# Aim of the exercise:
Range to copy from the entries below: the line containing "[VOVWORLD] - Party" through the line containing "Finally, a wedge-shaped", inclusive. Retype only those lines, exactly, without any images.

# Raw data:

· · · · · · ·

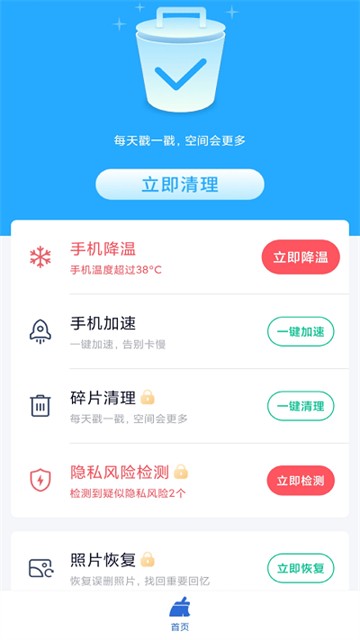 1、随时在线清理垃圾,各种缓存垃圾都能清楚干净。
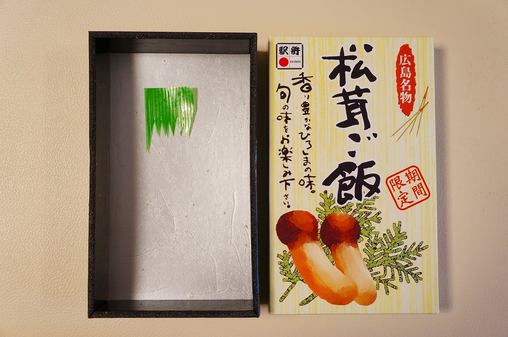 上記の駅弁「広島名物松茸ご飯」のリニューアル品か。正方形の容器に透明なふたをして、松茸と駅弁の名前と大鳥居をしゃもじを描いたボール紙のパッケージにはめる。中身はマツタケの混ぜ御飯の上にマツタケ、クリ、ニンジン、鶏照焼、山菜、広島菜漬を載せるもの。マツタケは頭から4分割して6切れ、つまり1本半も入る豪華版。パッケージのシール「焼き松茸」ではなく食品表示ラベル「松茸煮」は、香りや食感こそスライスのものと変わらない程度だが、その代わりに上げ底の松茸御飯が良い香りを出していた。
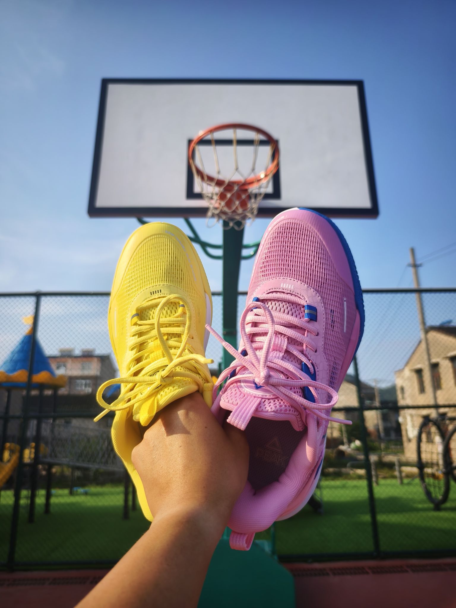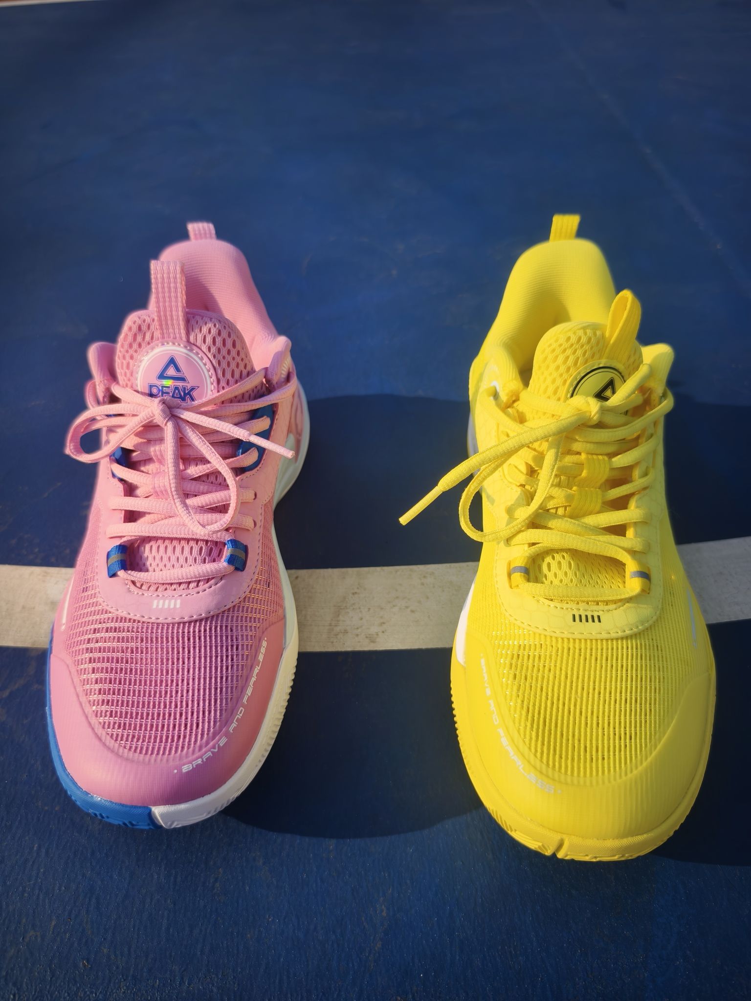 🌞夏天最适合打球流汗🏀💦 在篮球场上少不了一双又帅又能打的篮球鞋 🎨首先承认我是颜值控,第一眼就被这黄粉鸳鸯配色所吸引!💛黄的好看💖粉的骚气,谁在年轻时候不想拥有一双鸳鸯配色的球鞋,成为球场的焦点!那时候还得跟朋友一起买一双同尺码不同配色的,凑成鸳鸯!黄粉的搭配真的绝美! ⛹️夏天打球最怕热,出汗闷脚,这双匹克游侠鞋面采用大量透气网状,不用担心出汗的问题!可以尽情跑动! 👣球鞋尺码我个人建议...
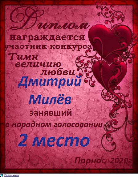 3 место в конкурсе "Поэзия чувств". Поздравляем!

· · · · · · ·

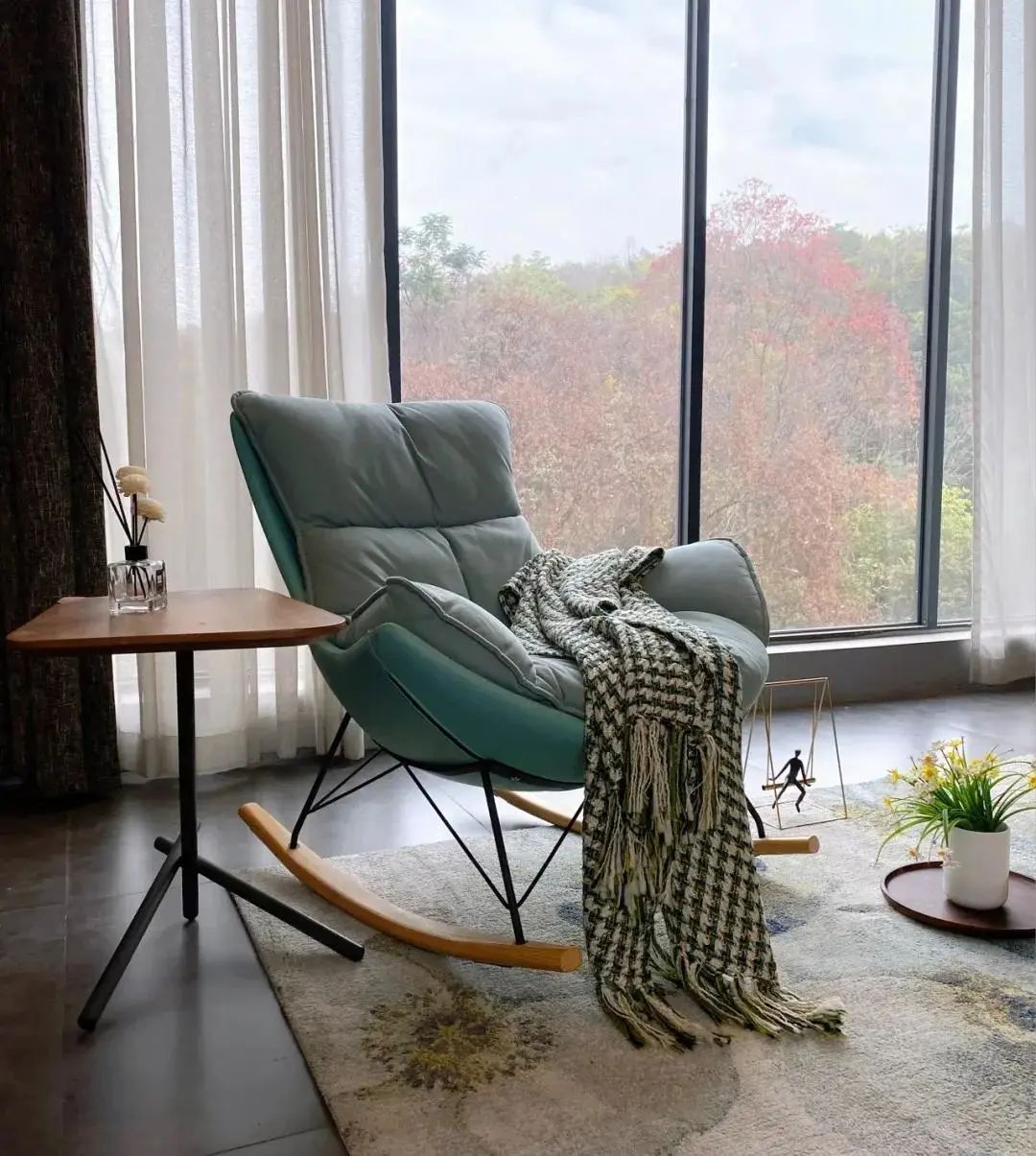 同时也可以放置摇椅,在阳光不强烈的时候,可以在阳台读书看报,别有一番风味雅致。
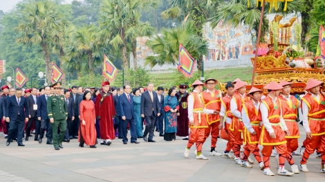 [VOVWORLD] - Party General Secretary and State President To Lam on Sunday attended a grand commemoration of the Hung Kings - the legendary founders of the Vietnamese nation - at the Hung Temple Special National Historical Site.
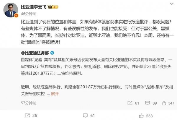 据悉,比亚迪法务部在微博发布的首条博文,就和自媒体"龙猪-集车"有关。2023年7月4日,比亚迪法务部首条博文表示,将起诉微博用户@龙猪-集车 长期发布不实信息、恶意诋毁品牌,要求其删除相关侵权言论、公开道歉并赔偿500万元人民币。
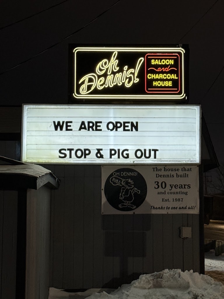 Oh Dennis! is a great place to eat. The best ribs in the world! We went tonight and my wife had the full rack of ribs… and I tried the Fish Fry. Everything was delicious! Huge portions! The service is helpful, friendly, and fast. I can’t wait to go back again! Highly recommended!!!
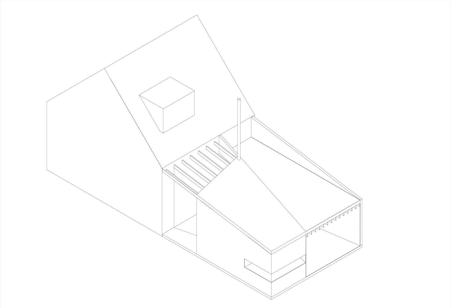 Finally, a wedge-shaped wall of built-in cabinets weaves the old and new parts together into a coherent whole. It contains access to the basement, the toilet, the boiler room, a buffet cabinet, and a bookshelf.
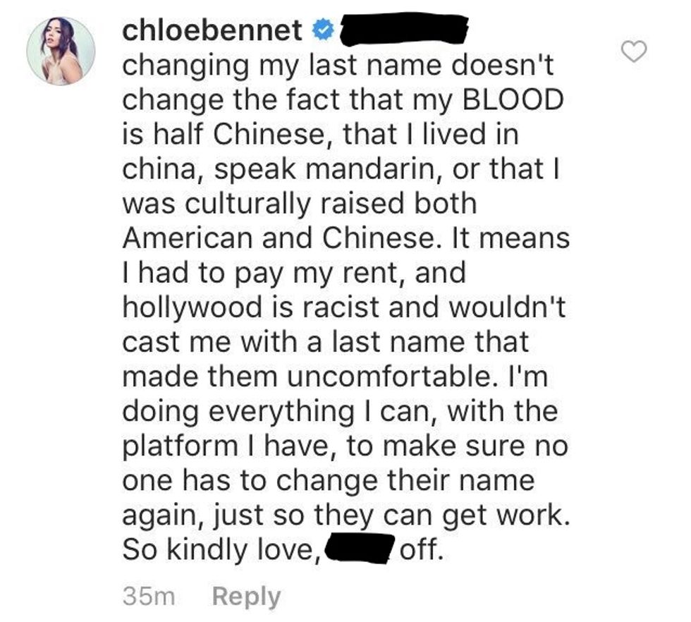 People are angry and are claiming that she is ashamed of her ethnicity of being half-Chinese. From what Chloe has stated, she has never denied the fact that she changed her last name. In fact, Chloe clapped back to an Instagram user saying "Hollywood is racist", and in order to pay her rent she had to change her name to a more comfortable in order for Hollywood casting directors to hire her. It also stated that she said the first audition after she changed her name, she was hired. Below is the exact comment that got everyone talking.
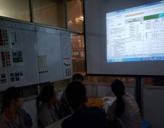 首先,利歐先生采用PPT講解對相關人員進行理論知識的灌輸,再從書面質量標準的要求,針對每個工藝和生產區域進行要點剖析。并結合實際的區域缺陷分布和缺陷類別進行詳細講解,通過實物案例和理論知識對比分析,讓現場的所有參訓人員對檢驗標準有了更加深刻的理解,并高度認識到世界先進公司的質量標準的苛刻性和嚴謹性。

· · · · · · ·

# Solution to this exercise:
 [VOVWORLD] - Party General Secretary and State President To Lam on Sunday attended a grand commemoration of the Hung Kings - the legendary founders of the Vietnamese nation - at the Hung Temple Special National Historical Site.
 据悉,比亚迪法务部在微博发布的首条博文,就和自媒体"龙猪-集车"有关。2023年7月4日,比亚迪法务部首条博文表示,将起诉微博用户@龙猪-集车 长期发布不实信息、恶意诋毁品牌,要求其删除相关侵权言论、公开道歉并赔偿500万元人民币。
 Oh Dennis! is a great place to eat. The best ribs in the world! We went tonight and my wife had the full rack of ribs… and I tried the Fish Fry. Everything was delicious! Huge portions! The service is helpful, friendly, and fast. I can’t wait to go back again! Highly recommended!!!
 Finally, a wedge-shaped wall of built-in cabinets weaves the old and new parts together into a coherent whole. It contains access to the basement, the toilet, the boiler room, a buffet cabinet, and a bookshelf.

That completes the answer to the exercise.